Na acção declarativa de condenação, sob a forma ordinária, que B… instaurou contra C…, ambos devidamente identificados nos articulados, foi proferido, depois de observado o disposto no art. 512º do CPC, o seguinte despacho de admissão dos meios de prova requeridos pelas partes (transcreve-se o despacho nas partes que para aqui interessam):
“D) A fls. 247/248, ponto n° 1, o Autor veio pedir a notificação de D… para juntar aos autos «o documento escrito de doação pelo seu marido», e ora Autor, das 250.000 acções da «E…, S.A.».
Fá-lo, segundo ele próprio alega, com vista «à contraprova do número 8° da Base Instrutória».
Simplesmente - e dizemo-lo, desde já -, a pretensão do Autor não merece acolhimento.

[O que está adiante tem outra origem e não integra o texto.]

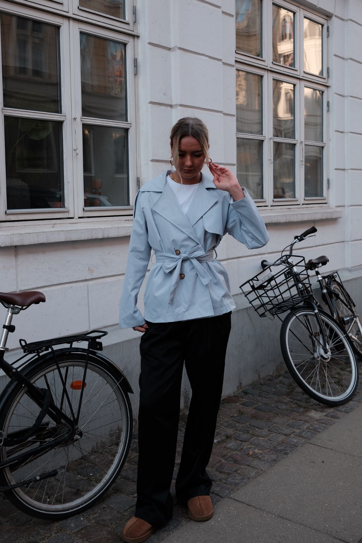 Was den Sia Short Trenchcoat auszeichnet, ist seine unglaubliche Vielseitigkeit. Die verkürzte Länge verleiht im Vergleich zu herkömmlichen Modellen eine dynamischere und jugendlichere Ausstrahlung und ermöglicht mehr Bewegungsfreiheit. Für einen eleganten Büro-Look drapieren Sie es über ein strahlend weißes Hemd und passen es maßgeschneidert an Pants. Wenn Sie sich auf den Weg zu einem entspannten Wochenendbrunch machen, kombinieren Sie es mit Denim in Used-Optik und Ihren Lieblings-Sneakern für einen Look, der schick ausstrahlt, ohne es überhaupt zu versuchen. Die zweireihige Vorderseite und die Gürteldetails ermöglichen es Ihnen, Ihre Taille für eine definiertere Silhouette zu betonen oder sie für einen mühelosen, entspannten Look offen zu lassen.
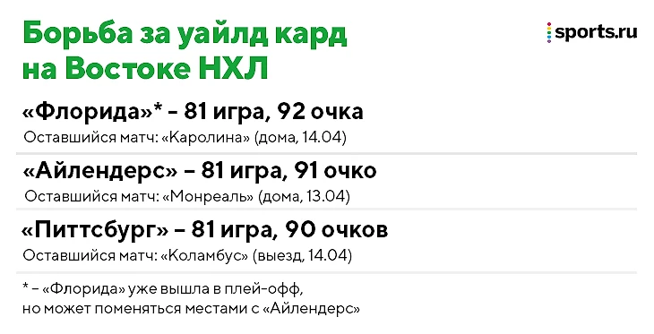 С поражением «пингвинов» путевку в Кубок Стэнли получила «Флорида». Впрочем, у нее есть и своя мотивация на последний матч с «Каролиной». «Пантерам» нельзя позволить обойти себя «Айлендерс», чтобы не попасть на «Бостон» в первом раунде.
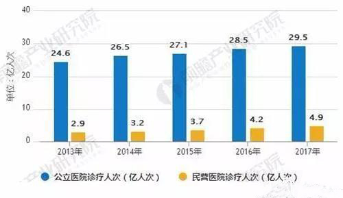 2013-2017年中國(guó)醫(yī)院診療人次數(shù)量統(tǒng)計(jì)情況
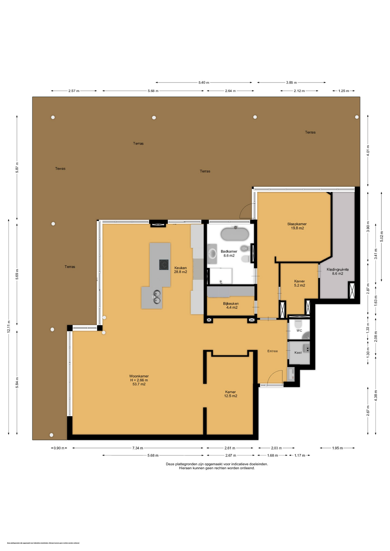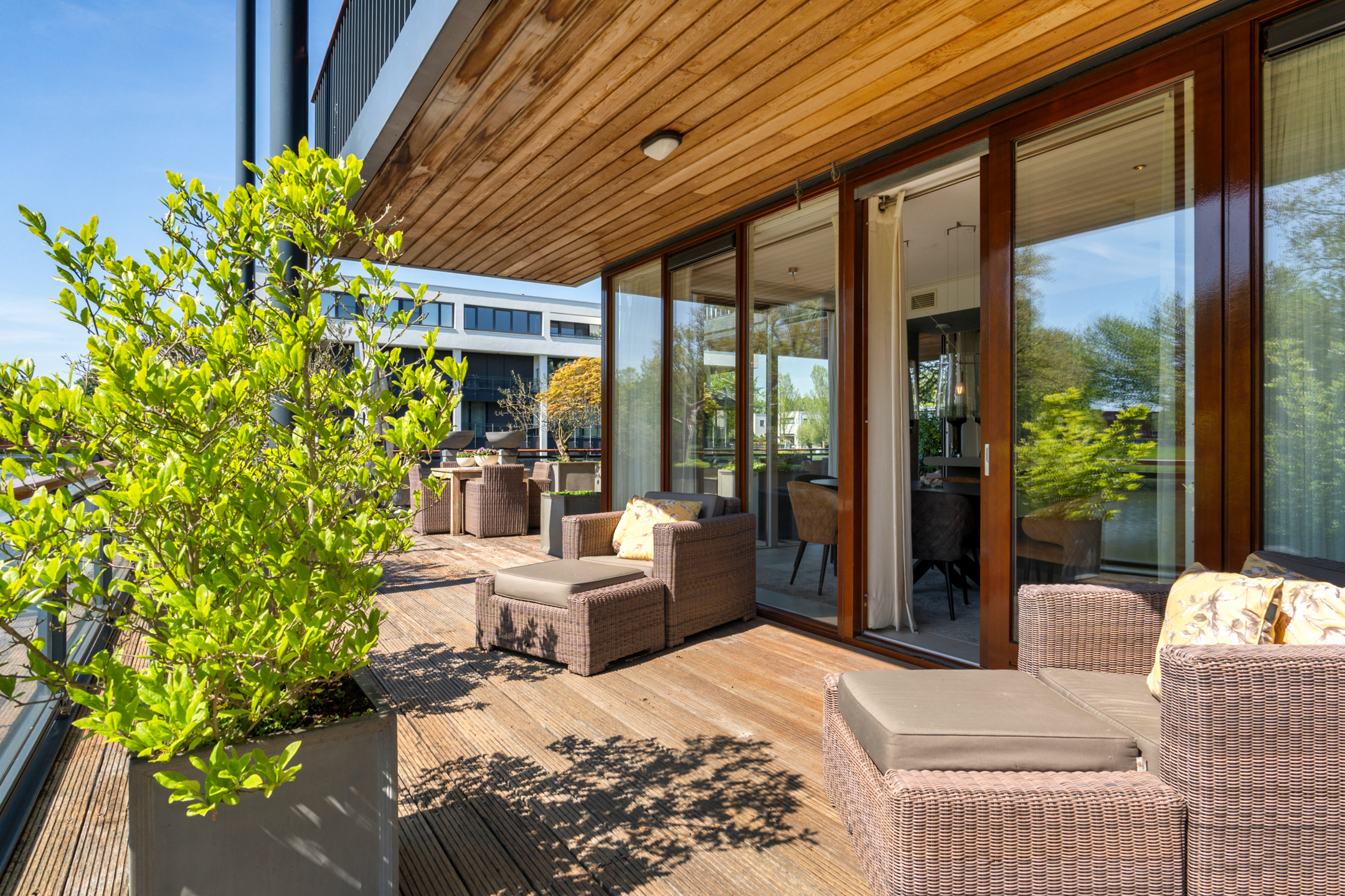+ Zonnig terras van ca. 150 m² op het zuidwesten, rondom het gehele appartement
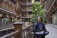 Multidisciplinary artist John Elliott sitting in the Cleveland Arcade building in downtown Cleveland.
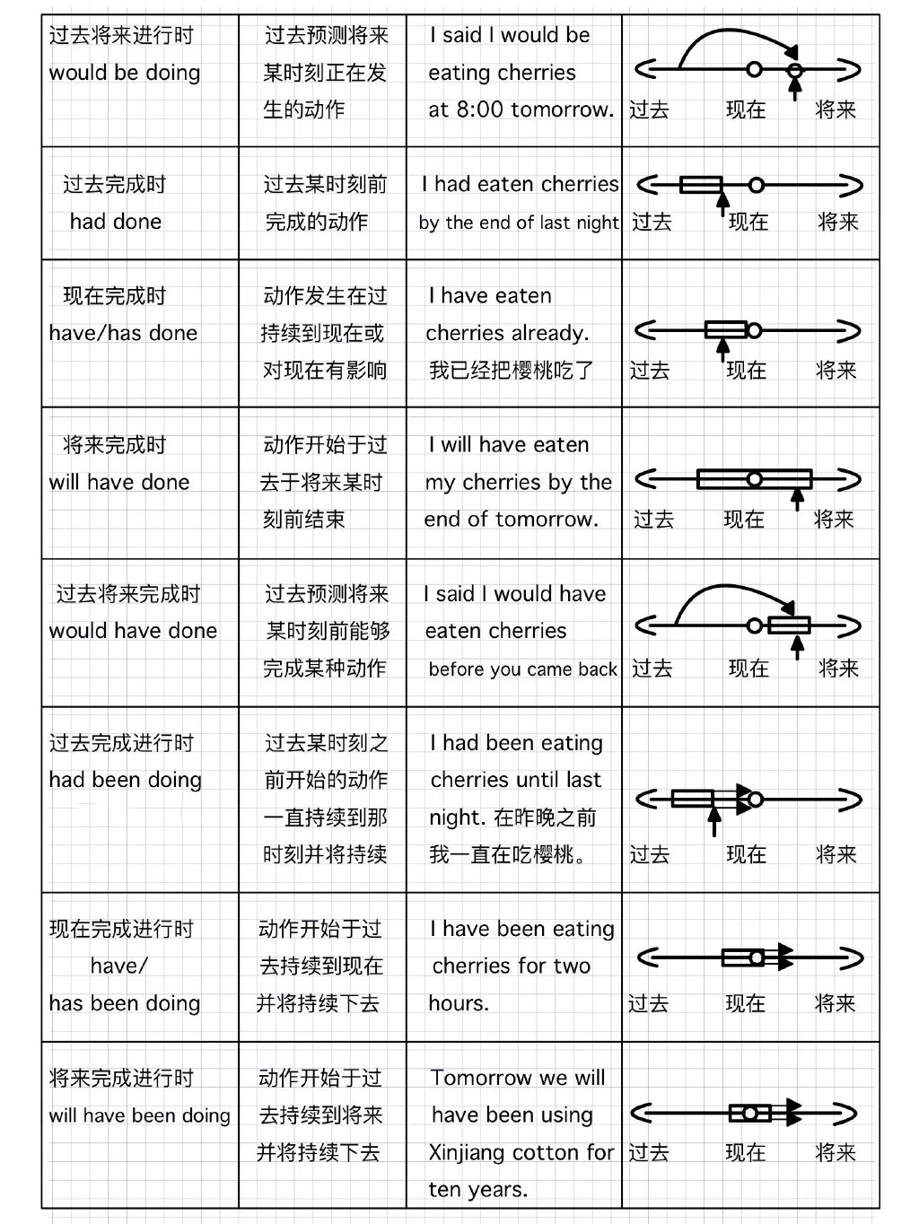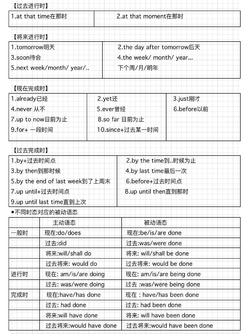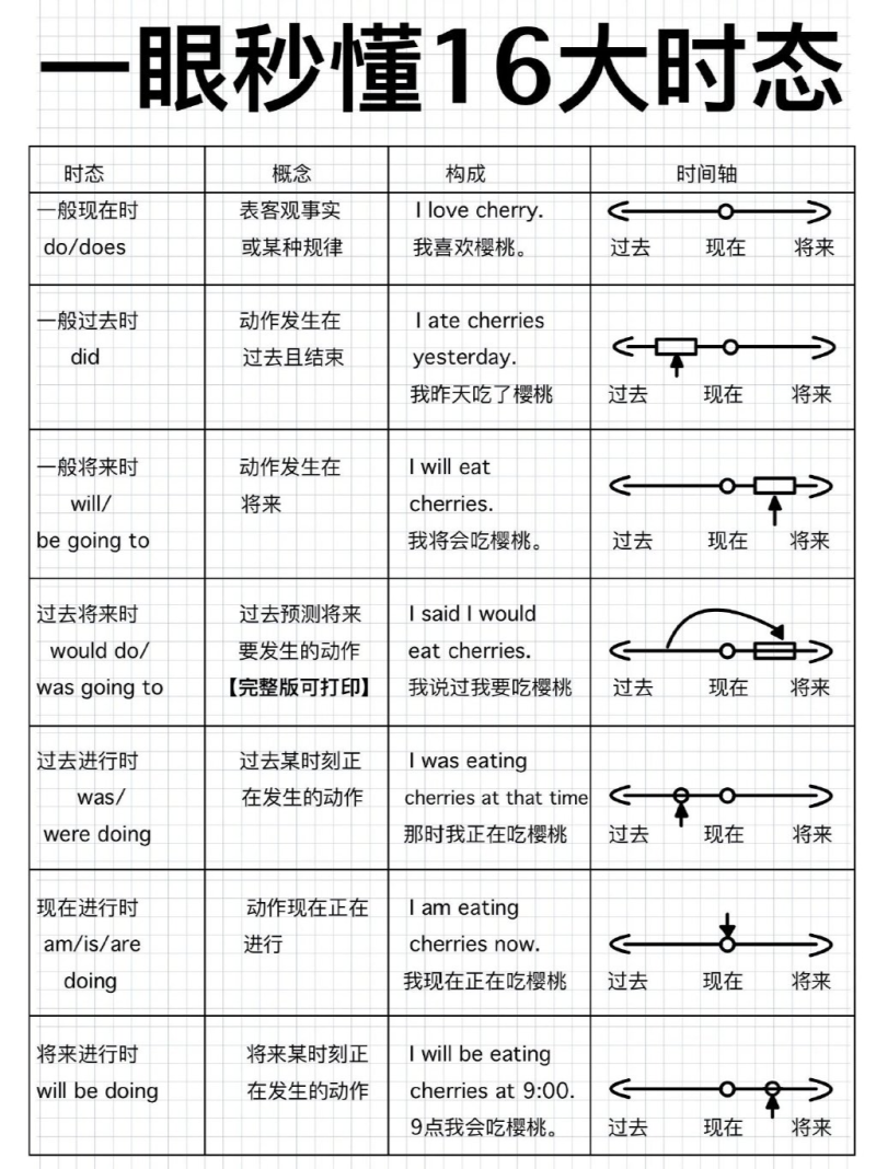 一眼秒懂英语十六大时态,直观图示 1. 一般现在时 (do/does; is/am/are) ①表示现在的情况、状态和特征。 例:He is a student. 他是一个学生。 ② 表示经常性、习惯性动作。 例:He always helps others. 他总是帮助别人。 ③ 客观事实和普遍真理。 例:The earth moves the sun. 地球绕着太阳转。 ④ 表示一个按规定、计划或安排要发生的动作。(常用于列车、客车、飞机或轮船时刻表) 例:The next train leaves at 3 o'clock this afternoon. 下一趟火车今天下午3点开车。 ⑤ 主将从现:在时间、条件和让步状语从句中经常用一般现在表示将的来事情。 例:If it rains tomorrow, we will stay at home. 如果明天下雨,我们会待在家里。
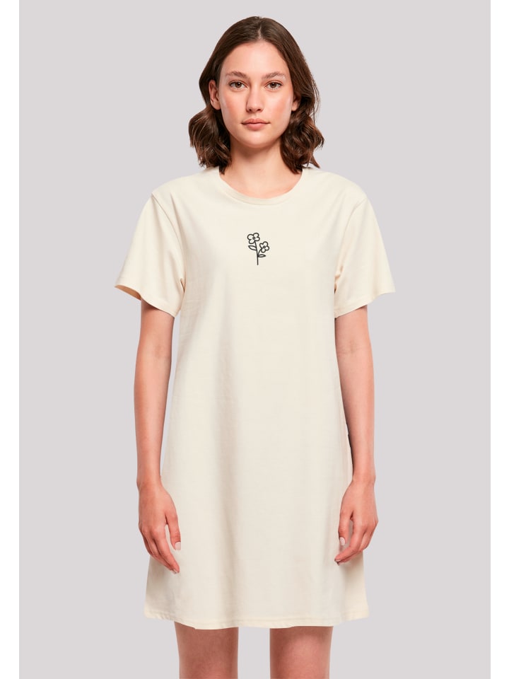 Платье-футболка с вышивкой. Простое женское платье-футболка из хлопка. Слегка расклешенный А-силуэт для отличной фигуры. Удобный свободный крой и короткие рукава. Нарисованный вручную цветок розового цвета EOD
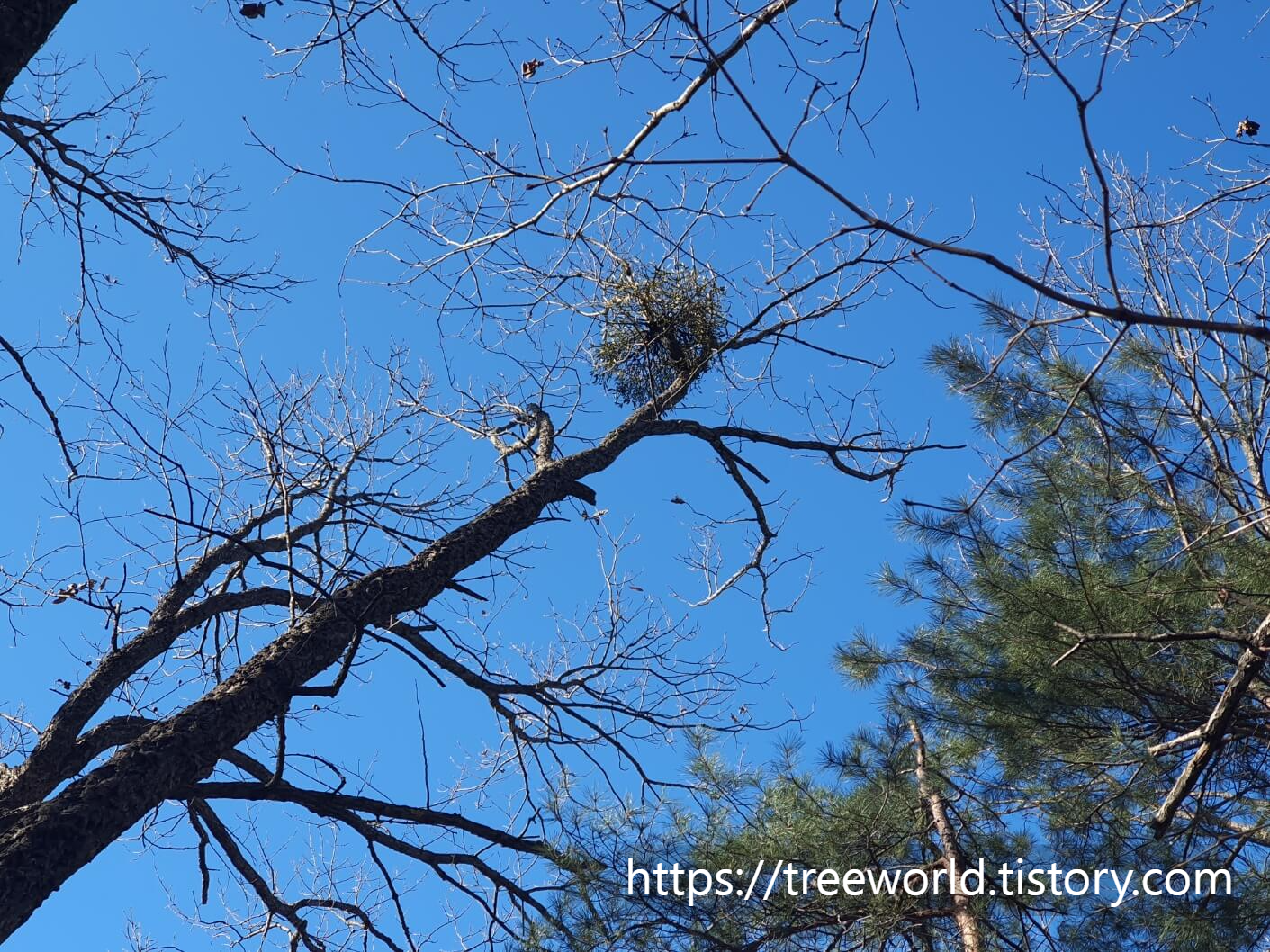 겨우살이는 참나무 등에 기생하여 수액을 빨아먹고사는 기생식물입니다. 또한 스스로 광합성도 하여 영양소를 만들어내므로 반기생식물로 보아야 합니다. 열매는 겨울철 산새들의 중요한 먹이가 됩니다.

Com efeito, o quesito 8° foi construído com base na factualidade alegada pelo Autor na sua petição inicial, encerrando, pois, matéria fáctica que a ele compete demonstrar, de acordo com as regras de repartição do ónus da prova (art. 342º nº 1 do Cód. Civil).
Logo, ao Autor não compete fazer a contraprova da factualidade vertida naquele quesito, ou seja, não lhe cabe tornar esse facto duvidoso (art. 346° do Cód. Civil).
Compete, isso sim, o ónus probatório daquela matéria fáctica.
Deste modo, competindo ao Autor provar, na sequência do que alegou, que não doou, ou por qualquer outra forma transmitiu, aquelas 250.000 acções ao portador à accionista D…, sua mulher, é absolutamente injustificado o pedido, por ele formulado, de notificação da referida D… para juntar aos autos «o documento escrito» da apontada doação, na medida em que a mesma, na sua óptica, afinal, inexistiu.
Assim, indefiro o pedido, formulado pelo Autor no ponto nº 1 de fls. 247/248, de notificação de D… para juntar aos autos o documento aí referido.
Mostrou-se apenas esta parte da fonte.